Why is it a good thing to artificially create demand for stocks? Why is it better to artificially shrink the bid-ask spread of stocks? If a stock has a large bid-ask spread, shouldn't investors simply take that into account? (Because the spread will be there when you sell, would it really matter whether it is 1 cent or 10 cents?)
Also, doesn't HFT cost investors more in the end because it distorts stock prices more than it narrows bid-ask spreads?

I appreciate any educated comment.

Mon, 11/30/2009 - 11:14 | 146190 peterpeter
peterpeter's picture

Shrinking the bid-ask spread is not creating artificial demand, it is bringing natural buyers and sellers together.

Jack wants to buy Exxon at 10AM, Jill wants to sell Exxon at 10:30AM.  Market makers ensure that Jack can buy shares at 10AM and that Jill can sell it at 10:30.
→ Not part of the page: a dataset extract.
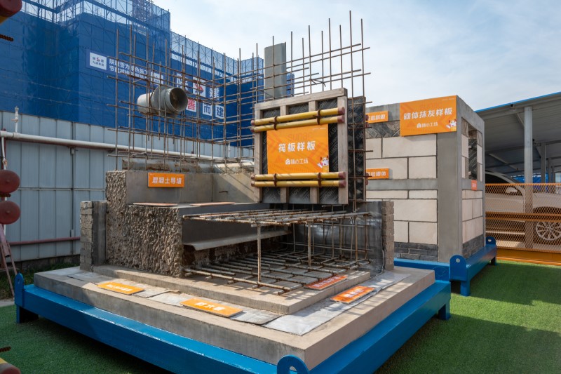 土建样板展示:从源头上让理想的家更坚固。臻心工场对每个分项工程都要求落实到工艺样板,让客户清晰看到并了解从砌体抹灰、原始结构面至屋面ALC隔墙板安装等各项工序的具体实施过程及施工步骤。

For the benefit to the market of bridging the temporal gap between the 2 natural sides to the order, they make a spread.

Over the long haul, the spread is a good bet - but on any individual trade, there is material risk, since the price can move after 1 leg of the transaction is complete.

Sun, 11/29/2009 - 13:20 | 145397 ZeroPower
ZeroPower's picture

but the downturn in 2007/2008 proved this point.

 

In a market free-fall, with the exception of stocks that the SEC prevented from being sold short, there were no major air-pockets (stocks with no bids).

 

My question to you is, how was the drop in Nov 2008, for example, proof that machines made the drop any better?

Sure there were bids, but the point people are trying to make here is that the bids were most probably from people! The machines simply got turned off because the HFTs programmers knew they would pick up massive amounts of anything below VWAP. Clearly, the VWAP on days like with the 777pt drop would be foolish for a human to buy, but algos would be all over that.

Sun, 11/29/2009 - 13:58 | 145420 peterpeter
peterpeter's picture

Machines do not get scared.  They are programmed to buy when they calculate there is good value and sell when things are over-priced.

This is quite a distinction from well established human behavior, in which fear of loss is a more powerful motivator than greed (there is ample research into this, much from the folks at U Chicago as well as some Israeli game theory folks).

There is no evidence I can point to on either side that says the machines were more of the buyers than the humans in 2008, save for my own software which was very active at that time (i.e. not turned off during one of the best trading opportunities of my lifetime).

 

Sat, 11/28/2009 - 22:01 | 145130 Lionhead
Lionhead's picture

Thanks peterpeter. Your explanation is most helpful. I see this occuring everyday, intraday. Personally, I like tight spreads. If you know the game, you can game the game.